Live and recent posts from across the Fediverse tagged #boycottqatar, aggregated by home.social.

  1. Allzu grober Strich

    Die “Gentrifizierung” des Fussballs gab es wirklich – aber auch Politisierung

    Matthias Matthäus, davon gehe ich aus, ist ein Pseudonym. Denn mit dem gescheiterten Fussballlehrer dieses Namens, der heute als Bescheidwisser durch die Pay-TV-Anstalten gereicht wird, verwandt zu sein, wäre – von etwaigen Erbschaftsansprüchen (auch nur vielleicht) abgesehen – eine allzu ungerechte harte Strafe. Dieser Kollege schreibt bei overton: 39 Tote – das Ende eines Arbeitersports – Heute vor 40 Jahren ereignete sich eine Tragödie, die letztlich den europäischen Fußball zu einem aalglatten Sport mit Eventcharakter gentrifizierte: Es gab 39 Tote im Brüsseler Heysel-Stadion.” Seine Darstellung ist nicht grundlegend falsch, aber unzureichend. Sie übergeht wichtige politische Selbsttätigkeit. Darum im Folgenden einige Erinnerungen aus der politischen Praxis.

    In jenen 80ern, in denen die Herrschenden die geschilderten Stadionkatastrophen – ob nun fahrlässig oder mutwillig oder böswillig, es war eine widerliche Mischung von alldem – herbeiprovozierten, gab es in der West-BRD gefährlich aufkeimende Neonazi-Gruppen. Berühmtheit erlangte die Dortmunder “Borussenfront” und auch eine im Bonner Umland ihr Unwesen treibende FAP-Zelle. Eine sehr gute Beueler Freundin von mir könnte dazu heute noch abendfüllend referieren.

    Ich war in jener Zeit im NRW-Landesvorstand der Jungdemokraten und organisierte mit Hilfe unserer ortsansässigen Kreisverbände im April 1985 vor einem Bundesligaspiel von Borussia Mönchengladbach gegen Arminia Bielefeld ein Treffen der Fanclubs beider Seiten, um über das Neonaziproblem in der Fanszene öffentlich zu diskutieren.

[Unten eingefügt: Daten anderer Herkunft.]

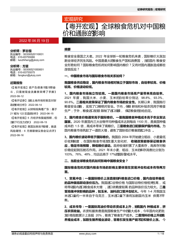 【粤开证券】【20220619】全球粮食危机对中国粮价和通胀的影响-18页
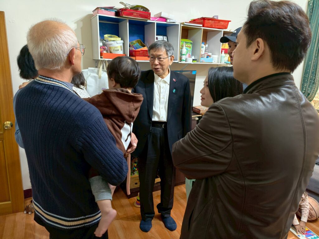台灣民眾黨國家治理學院院長柯文哲今(6)日與新竹黨部主委邱臣遠、竹北市民代表游雅婷深入新竹縣竹北市基層,展開一系列「社會共融、在地關懷」行程。一行人首站前往探視地方獨居老人,親手送上民生物資;隨後轉往拜訪深耕多年的「中繼家庭」機構,呼籲大眾共同建構更穩固的社會安全網,接住每一位處於困境中的民眾。
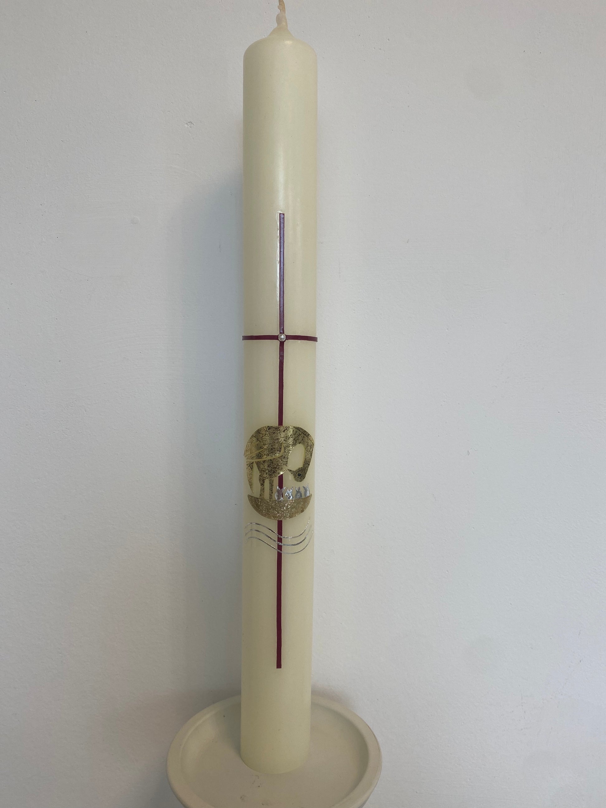 Dies ist eine besondere Taufkerze aus einem Karmelkloster. Liebevoll handgefertigt von den Schwestern. Die Kerze enthält 10% Bienenwachs.
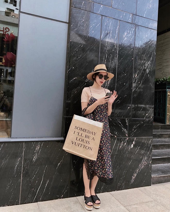 Những mẫu váy hai dây kết hợp cùng áo thun đồng điệu màu sắc được xem như xu hướng thời trang trong mùa hè năm nay. Mũ cói và túi tole là phụ kiện không thể thiếu khi diện cùng váy hoa phom dáng suông thoải mái.
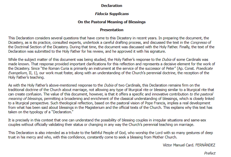 文件的第三部分「不合常規的伴侶和同性伴侶的祝福」(Blessings of Couples in Irregular Situations and of Couples of the Same Sex)則指出,上帝不會拒絕任何接近祂的人,因此不應禁止教會向尋求神幫助的任何人,提供一個簡單的祝福。
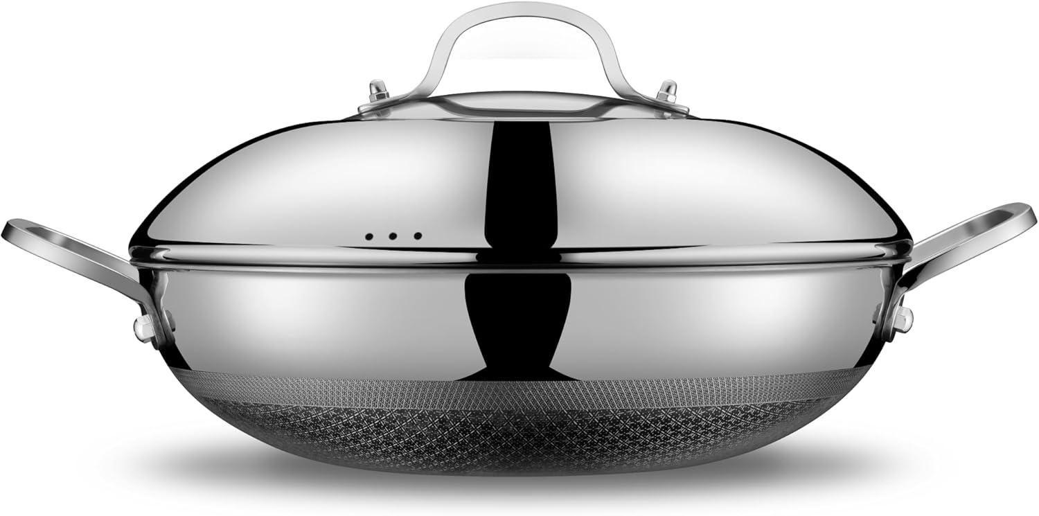 imageWok 13 Inch Hybrid Woks ampamp Stirfry Pans Nonstick Non Toxic Stainless Steel Wok Pan with Lid Dishwasher Induction Oven Broiler Safe PFOA Free Cookware Non Stick13 Inch

Damals kamen nur 18.000 Zuschauer*innen zum Bökelberg. Mill und Borowka sorgten für ein 2:0; die Ex-Gladbacher Wolfgang Kneib und Horst Wohlers, Letzterer auch Ex-St.Paulianer, konnten den späteren Abstieg der Arminia nicht verhindern. Heute kommen zu jedem Heimspiel über 50.000 in den Borussiapark.

    Das Medieninteresse an unserem kleinen Fan-Treffen war 1985 gross. Ich durfte in der Fachzeitschrift Demokratische Erziehung/päd.extra berichten (Redakteur damals: Werner Rügemer). Zur Nachbereitung stellte der WDR einen Ü-Wagen vor die Wattenscheider NPD-Zentrale und lud mich dort zum Live-Interview ein. So lernte ich Uli Leitholdt (heute bekennender Union-Fan) und Wolfgang Kapust persönlich kennen. Damals hatte der WDR noch fachkundige gute Leute – in Mannschaftsstärke. Suchen Sie die heute mal!

    In Vorbereitung des Treffens in Mönchengladbach erfuhr ich erst – Medieninteresse hatte das bis dahin nicht gefunden – dass alle damaligen rund 100 Borussia-Fanclubs in der BRD bereits Unvereinbarkeitsbeschlüsse gegen Neonazis gefasst hatten. Führender Initiator dieser guten Sache war der Hilchenbacher (Siegerland) Theo Weiss, seinerzeit Koordinator dieser Vereinigung, der 1988 Chef eines der ersten Fanprojekte in der Bundesliga wurde.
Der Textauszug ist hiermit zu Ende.